■ **DIRECTIONS FOR THIS TASK**
Write out exactly the lines of the entries below from the one holding "- In the Project" to the one holding "١٤٠١ - ضعيف: أخرجه", inclusive, and leave out all other lines.

■ **EXERCISE MATERIALS**

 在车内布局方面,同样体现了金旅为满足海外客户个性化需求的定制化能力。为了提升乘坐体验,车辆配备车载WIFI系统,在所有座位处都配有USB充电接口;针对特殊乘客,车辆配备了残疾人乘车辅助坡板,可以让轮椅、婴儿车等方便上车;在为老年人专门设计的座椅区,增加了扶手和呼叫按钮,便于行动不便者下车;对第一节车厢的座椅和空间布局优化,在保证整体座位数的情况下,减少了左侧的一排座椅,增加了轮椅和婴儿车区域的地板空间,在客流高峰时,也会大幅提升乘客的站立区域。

--

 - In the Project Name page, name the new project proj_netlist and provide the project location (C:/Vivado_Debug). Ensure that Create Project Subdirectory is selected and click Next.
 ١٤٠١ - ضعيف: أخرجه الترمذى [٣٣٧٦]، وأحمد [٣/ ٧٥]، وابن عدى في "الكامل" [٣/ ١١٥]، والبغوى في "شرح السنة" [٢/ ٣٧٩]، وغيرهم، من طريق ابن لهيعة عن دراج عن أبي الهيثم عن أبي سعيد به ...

■ **SOLVED PROBLEM**
 - In the Project Name page, name the new project proj_netlist and provide the project location (C:/Vivado_Debug). Ensure that Create Project Subdirectory is selected and click Next.
 ١٤٠١ - ضعيف: أخرجه الترمذى [٣٣٧٦]، وأحمد [٣/ ٧٥]، وابن عدى في "الكامل" [٣/ ١١٥]، والبغوى في "شرح السنة" [٢/ ٣٧٩]، وغيرهم، من طريق ابن لهيعة عن دراج عن أبي الهيثم عن أبي سعيد به ...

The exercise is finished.